Pasting a copy of your xml.cfg file would help uncover the issue here. Assuming the 'cln' number is unique (and a reasonable approximation of a document's URL), you'll need your xml.cfg file to contain:

document,/response/row/row
docurl,/response/row/row/cola_licence_number

Looking at http://www.matrix01.act.gov.au/__data/assets/xml_file/0008/1088531/test.xml, it appears that the row element may be unnecessarily nested.

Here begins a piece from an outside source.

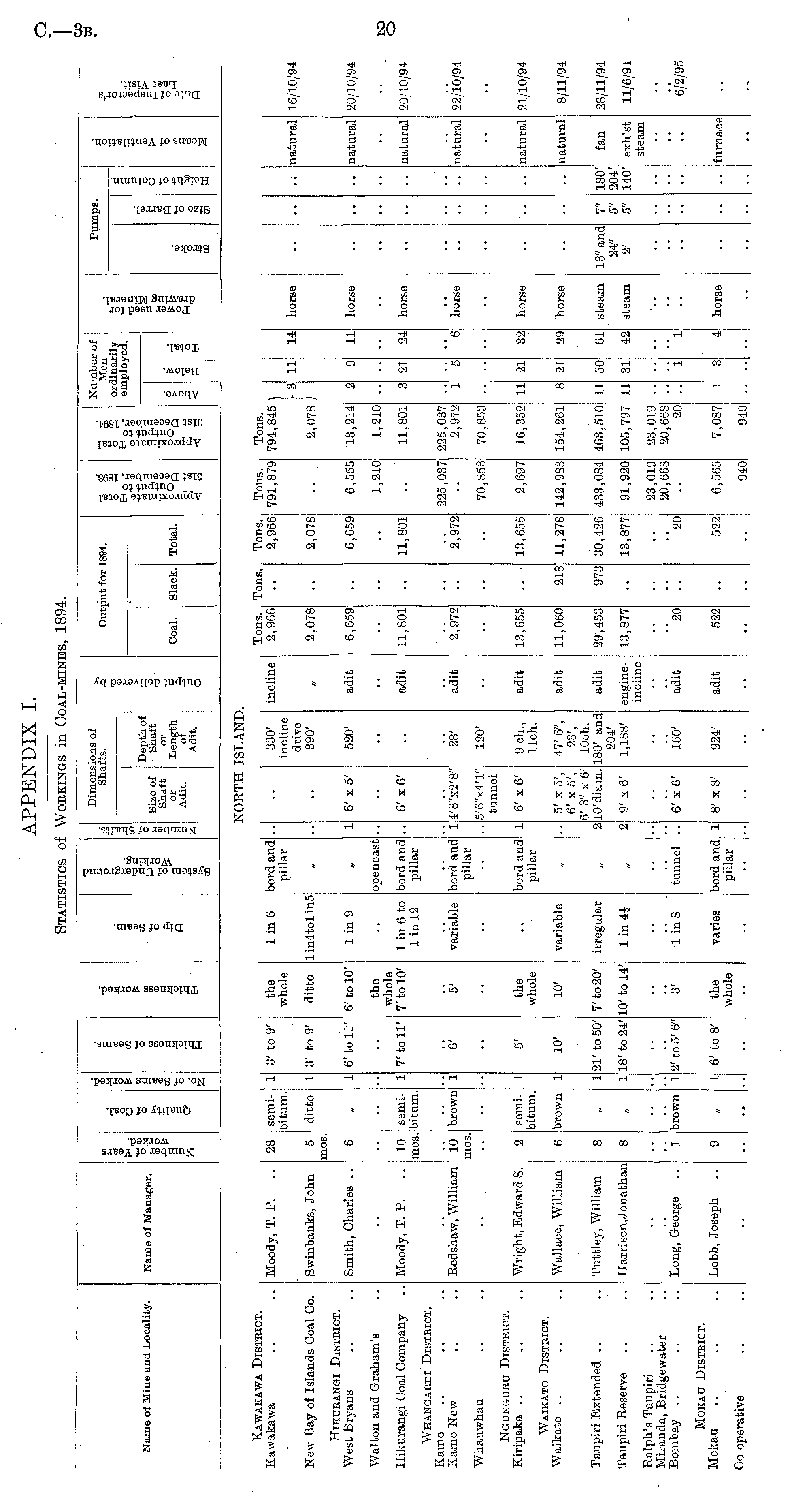 Name of Mine and Locality. Name of Manager. g Cβ 1 3 o o '■3 •a DO o 6 Cβ CO o ffl a 3 Tβ a> i - C3 ID O Pi 5 O 5 si ■a a m o n Depth of Size of Shaft Shaft or or Length Adit. of Aait. Dimensions of Shafts. .a 1 s Output for 1894. ■3 g ft co 11! ft CD Number of | Men ordinarily ■ employed. <! m b 1 O c3 Pumps. "3 CO a I 43 to a o n Coal. Slack. Total. 1 NORTH ISLAND Kawakawa District. Kawakawa Moody, T. P. 28 semibitum. 3' to 9' the whole 1 in 6 bord and pillar 330' incline drive 390' incline Tons. 2,966 Tons., Tons. 2,966 Tons. 791,879 Tons. , 794,845 Swinbanks, John Iin4tolin5 2,078 2,078 2,078 !• ill 14 horse - natural 16/10/94 Now Bay of Islands Coal Co. 5 ditto 3' to 9' ditto Hikubangi District. West Bryans mos. 6'toU' 6'to 10' horse 20/10/94 Smith, Charles .. 6 1 in 9 6' x5' 520' adit 6,659 6,659 6,555 13,214 11 natural 1 Walton and Graham's the whole 7'to 11' 7'to 10' opencast 1,210 1,210 •■ Hikurangi Goal Company Moody, T. P. 10 mos. semibitum. 1 in 6 to 1 in 12 bord and pillar 6' x6' adit 11,801 11,801 11,801 21 24 horse natural 20/10/94 Whakgabei District. Kamo Kamo New Redshaw, William i io brown 6' 5' variable bord and pillar 4'8"x2'8" 28' adit 2,972 2,972 225,037 225,037 2,972 horse natural 22/10/94 1 i i 5 "6 Whauwhau mos. 5'6"x4'l" tannel 120' 70,853 • • 70,853 Ngusguru Distbict. Kiripaka Wright, EdwardS. semibitum. 5' the whole bord and pillar 6' x6' 9 oh., lloh. adit 13,655 13,655 2,697 16,352 horse natural 21/10/94 1 I 21 32 Waikato District. Waikato .. Wallace, William brown 10' 10' variable 5' x5', 6' x 5', 6' 3" x 6' 10'diam. 47' 6", 23', 10oh. 180' and 204' 1,188' adit 11,060 218 11,278 142,983J 154,261 horse natural 8/11/94 ■n 29 Taupiri Extended Tuttley, William 8 21' to 50' 7'to 20' irregular adit 29,453 973 30,426 433,084 463,510 steam 13" and 24" 2' fan 28/11/94 11 50 61 7" 5" 5" 180' 204' 140' Taupiri Reserve Harrison, Jonathan 8 18' to 24' 10' to 14' 1 in 4£ 9' x6' engineincline 13,877 13,877 91,920 105,797 11 31 42 steam exh'st steam 11/6/94 Ralph's Taupiri Miranda, Bridgewater Bombay .. Long, George 1 brown 2' to 5' 6" 3' 1 in 8 tunnel 6' x6' 150' adit 20 "20 23,019| 20,668 23,019 20,668 20 •• i ■• "l 1 •• 6/2/95 Mokau District. Mokau Lobb, Joseph 6' to 8' the whole varies bord and pillar 8' x8' 924' adit 522 522 6,565 horse furnace 7,0871 Co operative 940! 940 - • •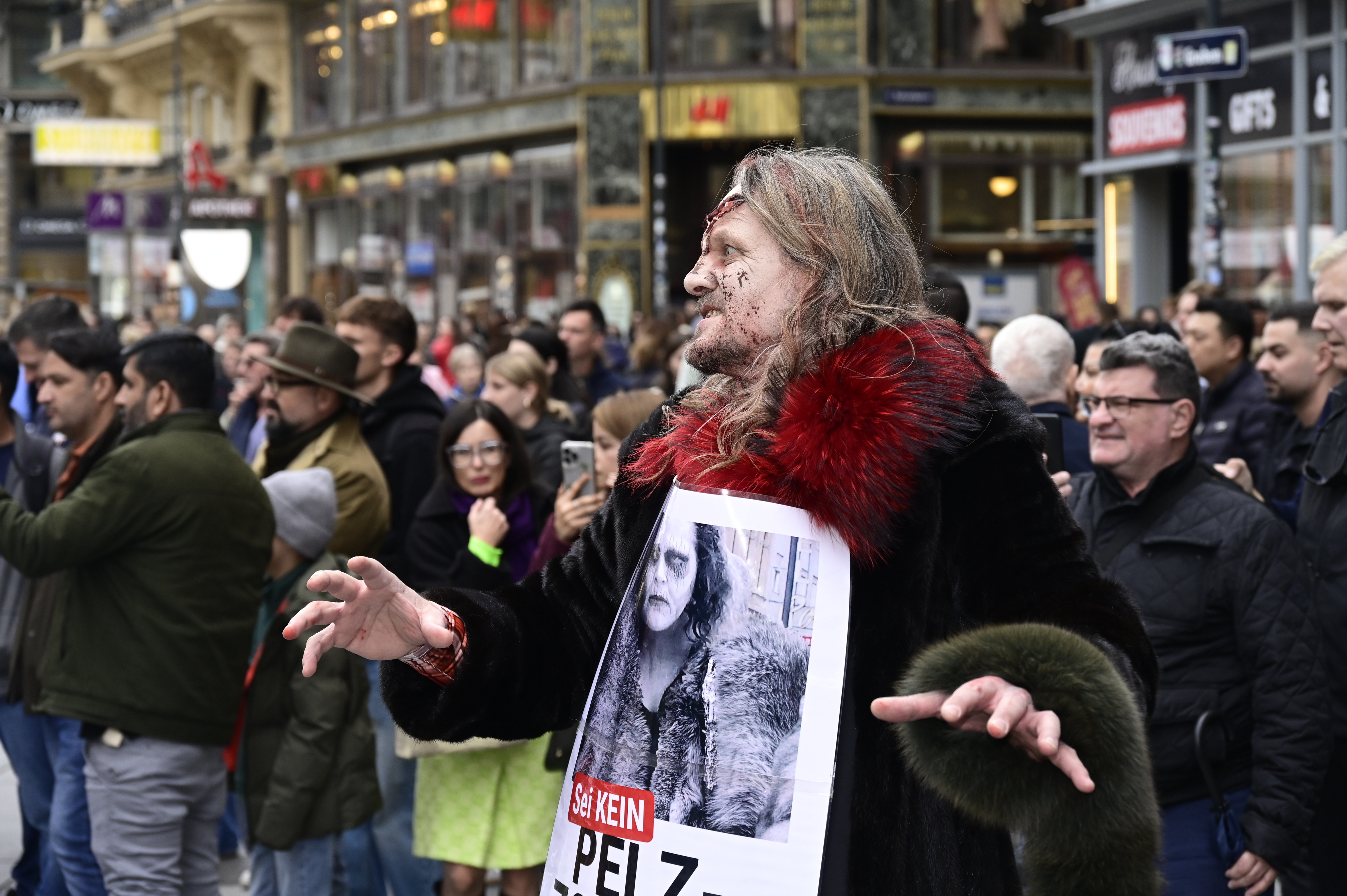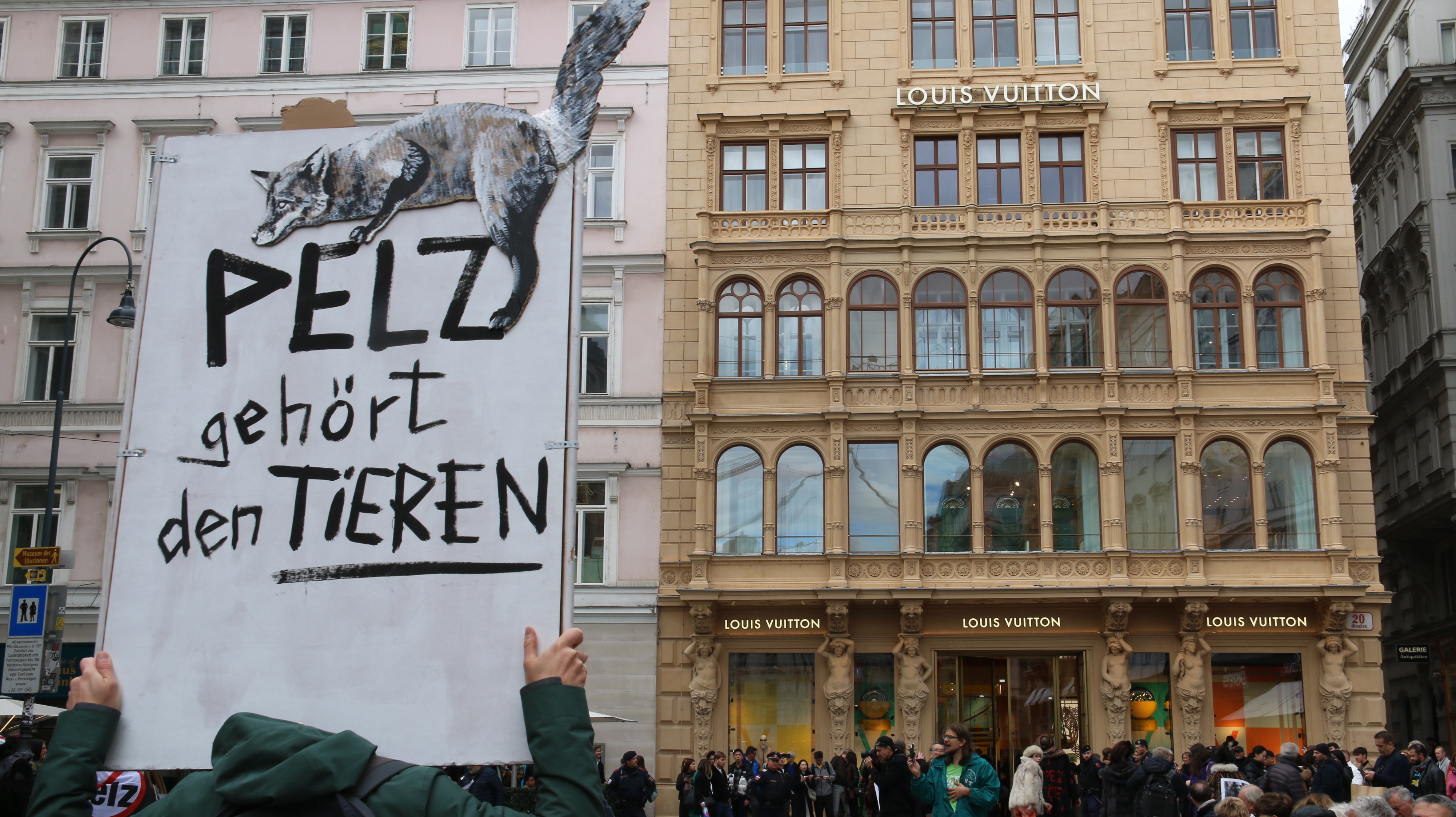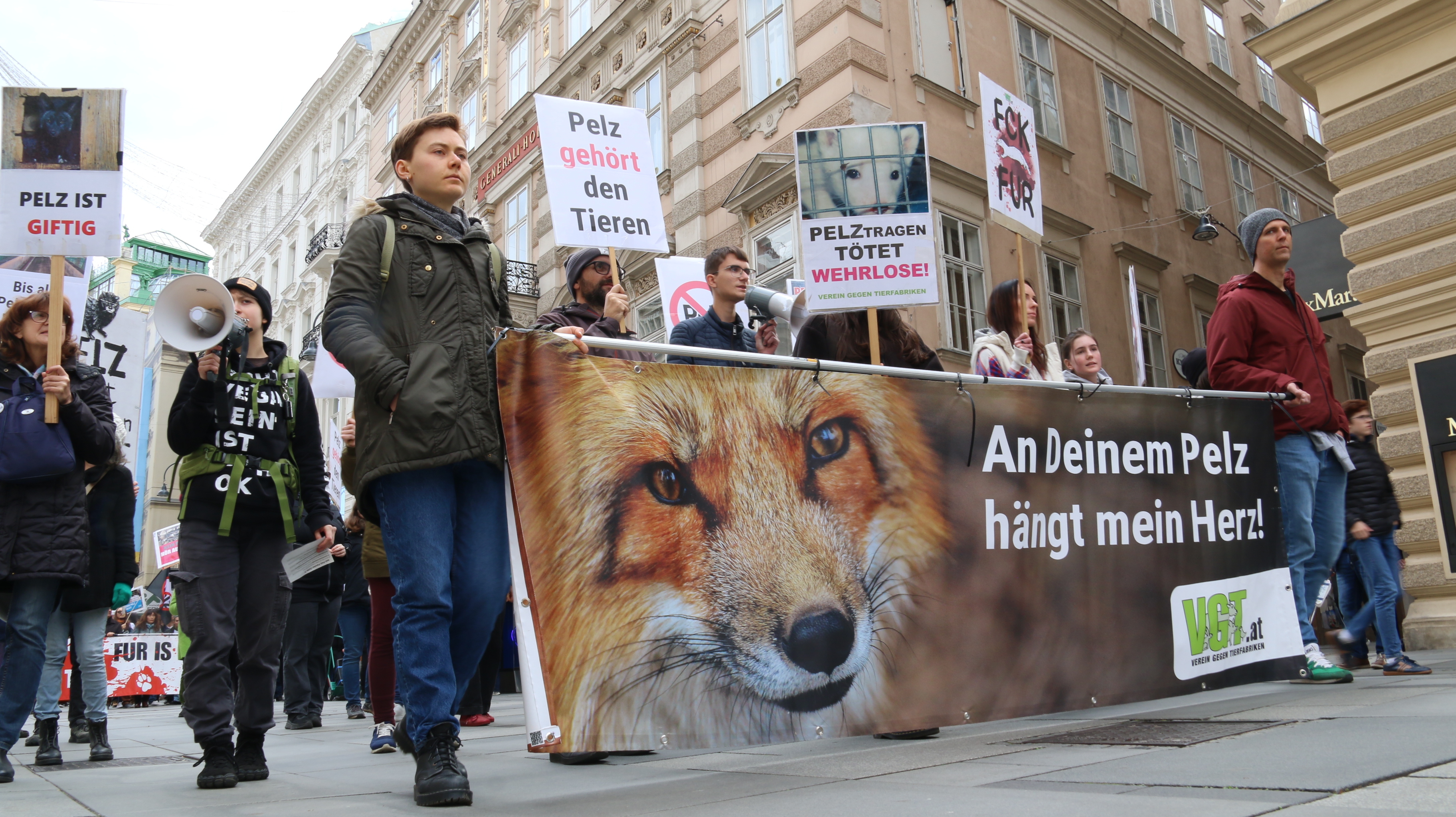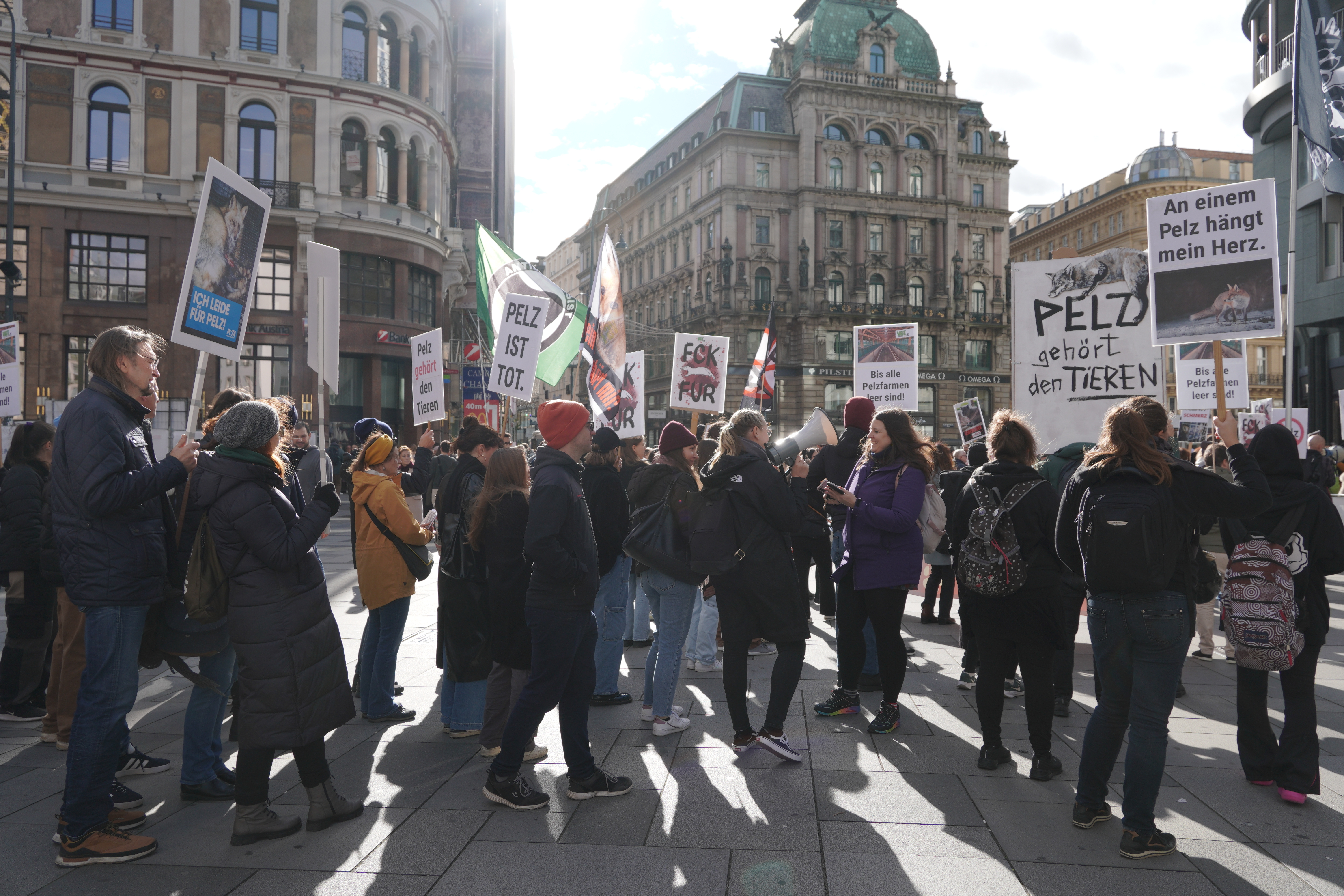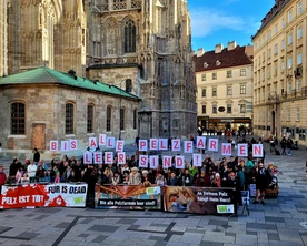 Am Ende hielt VGT-Anti-Pelz-Campaigner Georg Prinz am Michaelerplatz eine emotionale Rede vor versammelter Menge darüber, wie wichtig es ist, ständig am Ball zu bleiben, auch wenn mal etwas schiefgeht, auch wenn es Widerstände gibt: "Am Ende wird es gelingen und wir werden noch miterleben, wie die letzte Pelzfarm schließt und wie das letzte Stück Pelzkleidung aus den Geschäften verschwindet."

Define which element to split documents on

document,/response/row/row

Define which element from a document should be used as a URL

docurl,/response/row/row/cola_licence_number

surname,1,,//surname
cln,0,,//cola_licence_number
occupation,0,,//occupation
description,0,,//description
expirydate,0,,//expiry_date
class,0,,//class
phone,0,,//phone_number

Thanks for that link, I've poured over https://docs.funnelback.com/15.10/more/extra/xml_cfg.html#entire-document more than a few times in trying to debug this but have not had any luck with it.

aleks 2017-08-03 08:42:20 UTC #4

I didn't think you could index xml documents like this in a 'web collection'

plevan 2017-08-03 22:54:27 UTC #5

Hi Vux,

If you're using a web collection, and running Funnelback 15.6 or earlier then you'll need to remove the Jsoup filter from the filter chain, or if you're just indexing the single XML file then you can disable filtering altogether, or use a custom collection with the XML custom gatherer (can be downloaded from GitHub: https://github.com/funnelback/custom-gatherer-xml). I believe this custom gatherer has already been used for some of the other XML based collections that form part of the ACT Government search.

There are a number of filters that run for content auditor that actually write some additional content to the file that's stored and this breaks the document structure (so your document: directive won't work).

Give that a go and see how you go.

cheers,
Peter

Vux 2017-08-03 23:26:51 UTC #6

You're a legend Peter, thank you.

Removing the filter has fixed it. I'll give a custom collection a try like both of you suggested if we ever end up needing to include multiple XML files for this setup. I did originally set one up to use the JSON custom gatherer, however the JSON file I was crawling had spaces where it shouldn't and was causing errors in the crawl, it's just sitting there ready to be worked on.